WORK TASK - Copy all entries without alteration and skip the pictures they hold.

[Excerpts from a dataset]
BEGIN

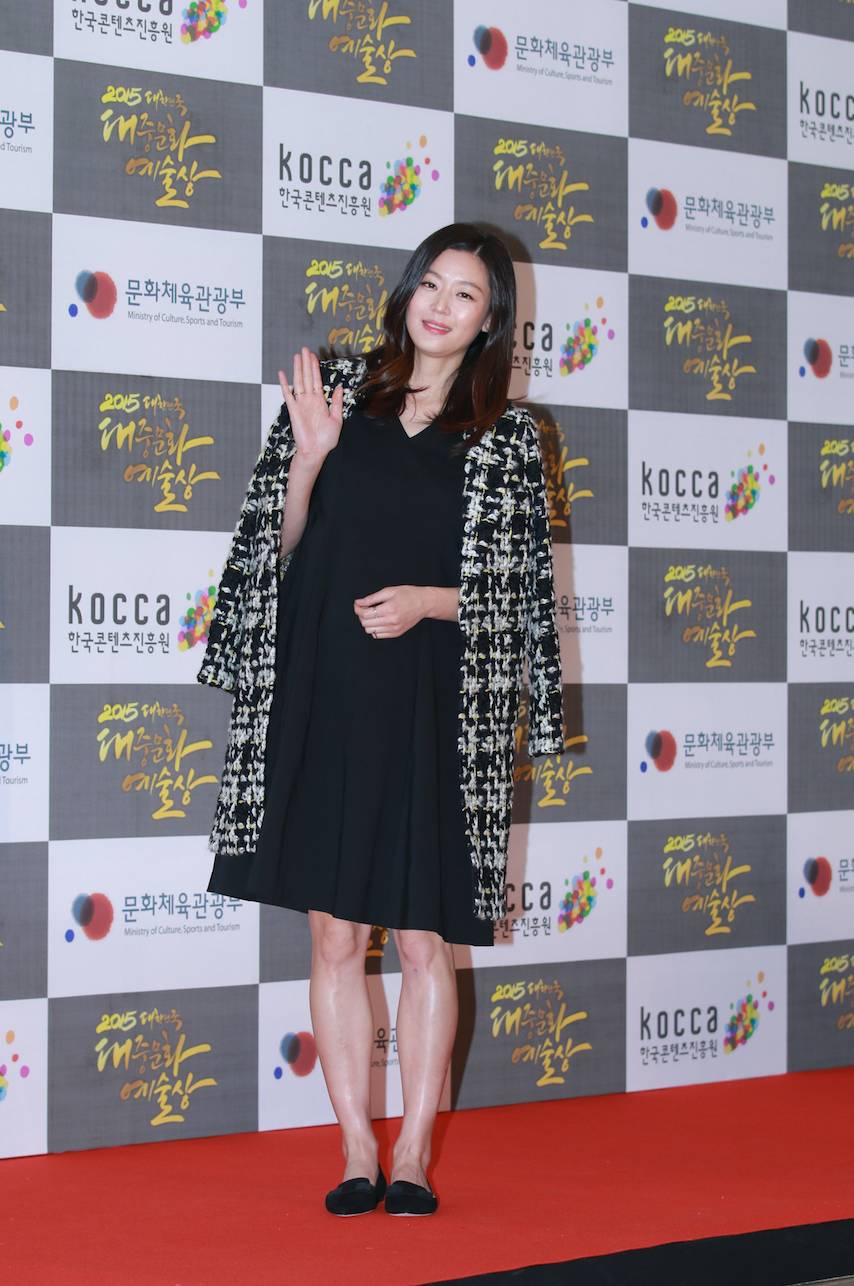 2015年被曝出怀孕后的全智贤很少再出来露面参加活动,留下的孕照也很少,感谢在韩国较为重大的大韩民国大众文化艺术大赏,让我们有机会见到怀孕六个月、身材较不同的全女神~
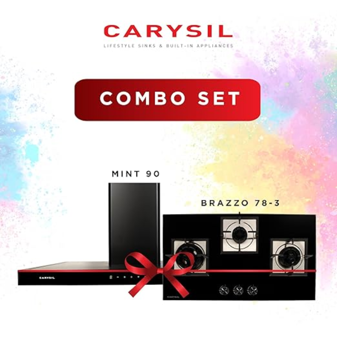 Carysil Brazzo 78 CM 3 Burner Built-in Kitchen Hob and Mint 90 CM Chimney Combo Set
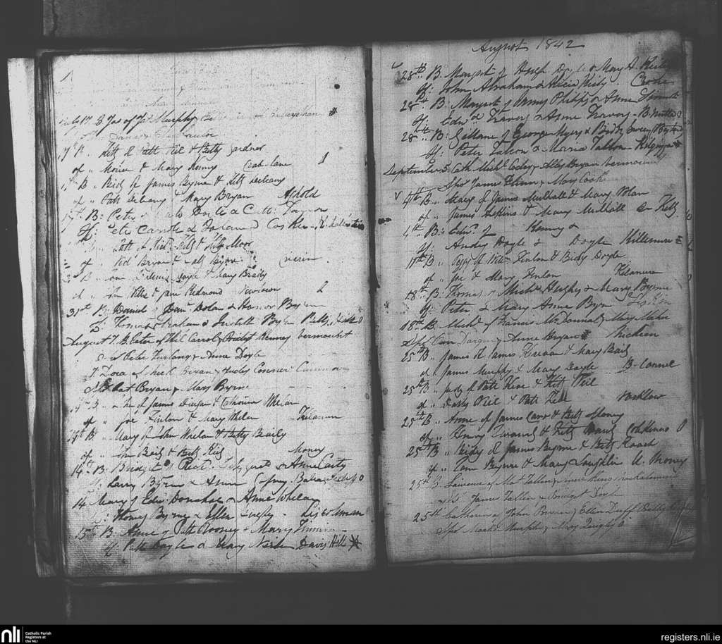 Clonmore; County of Carlow, Wicklow; Diocese of Kildare and Leighlin. Baptisms, July 1842 to Sep. 1842
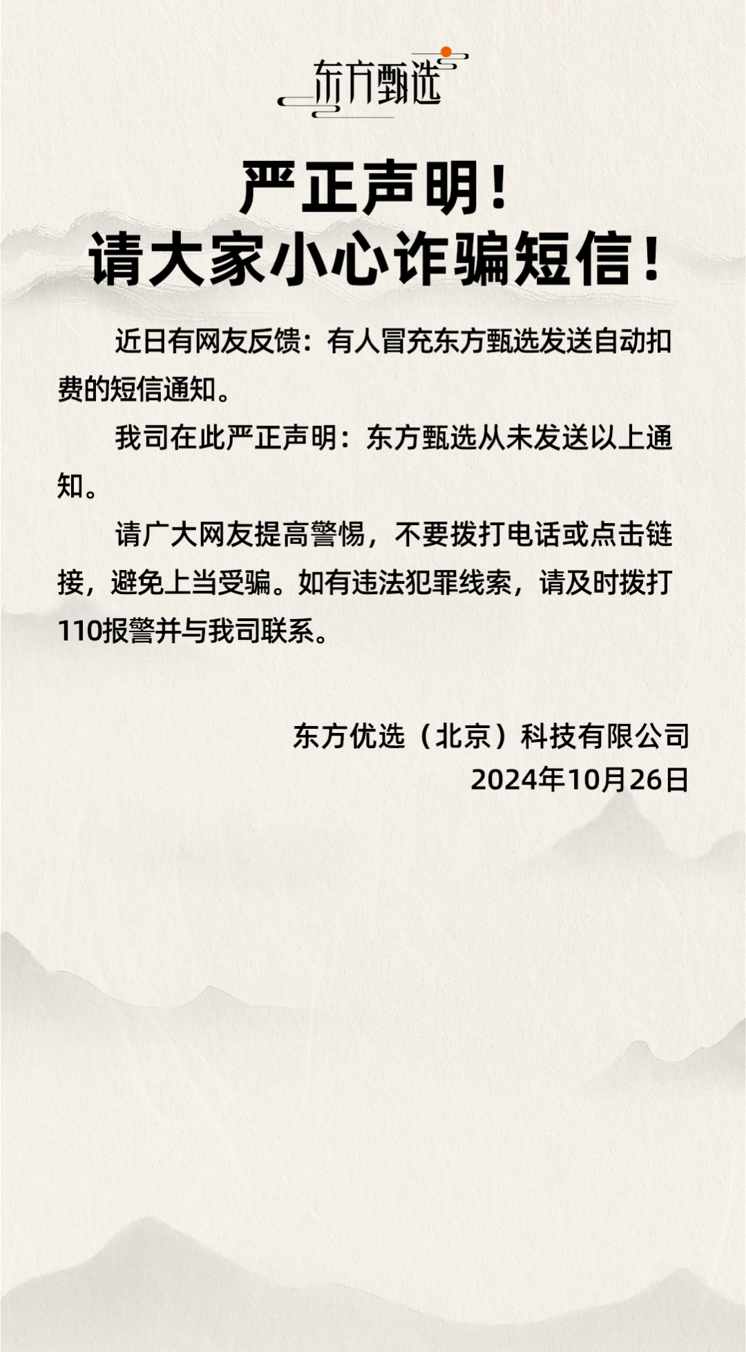 记者检索发现,今年10月26日,“东方甄选”官方微信公众号发布严正声明,称从未发送过自动扣费的通知。
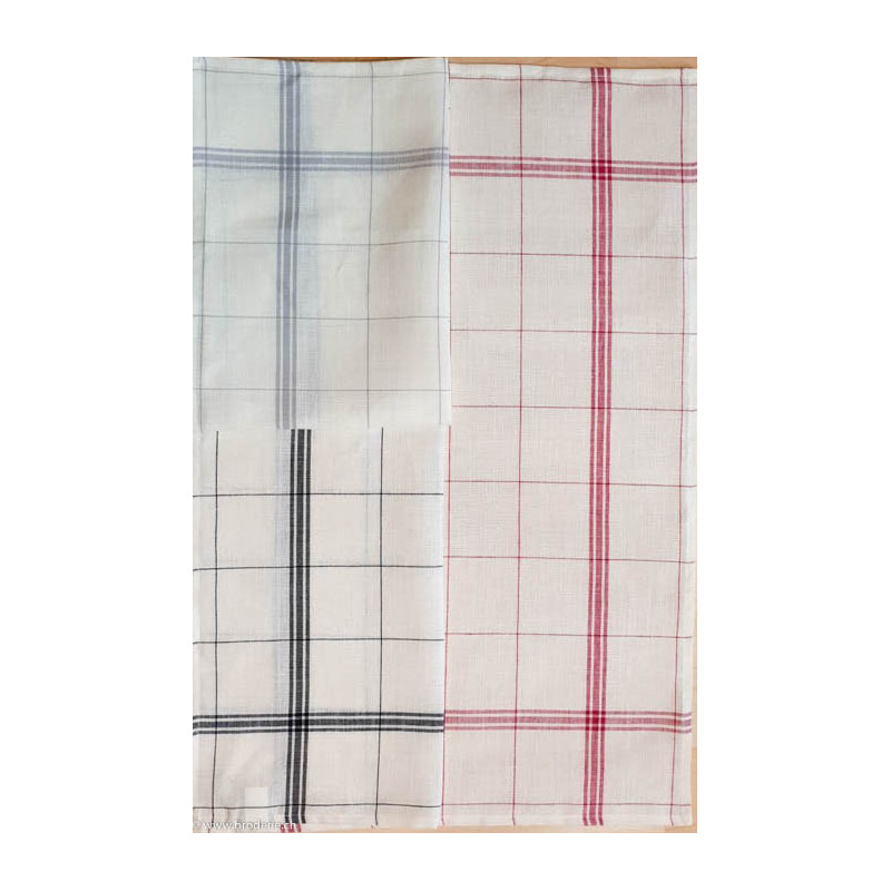 Thieffry Frères, linge de cuisine en lin lignes noires, fond blanchi (art. THLBN). Dimensions: 60 x 75 cm. Linge 100% lin 12 fils/cm. Idées de modèles pour ce linge dans le livre MLAB326 des Edtisons de saxe; grilles d' Isabelle Vautier. En bas à gauche sur la photo.

END

COMPLETED EXERCISE -
 2015年被曝出怀孕后的全智贤很少再出来露面参加活动,留下的孕照也很少,感谢在韩国较为重大的大韩民国大众文化艺术大赏,让我们有机会见到怀孕六个月、身材较不同的全女神~
 Carysil Brazzo 78 CM 3 Burner Built-in Kitchen Hob and Mint 90 CM Chimney Combo Set
 Clonmore; County of Carlow, Wicklow; Diocese of Kildare and Leighlin. Baptisms, July 1842 to Sep. 1842
 记者检索发现,今年10月26日,“东方甄选”官方微信公众号发布严正声明,称从未发送过自动扣费的通知。
 Thieffry Frères, linge de cuisine en lin lignes noires, fond blanchi (art. THLBN). Dimensions: 60 x 75 cm. Linge 100% lin 12 fils/cm. Idées de modèles pour ce linge dans le livre MLAB326 des Edtisons de saxe; grilles d' Isabelle Vautier. En bas à gauche sur la photo.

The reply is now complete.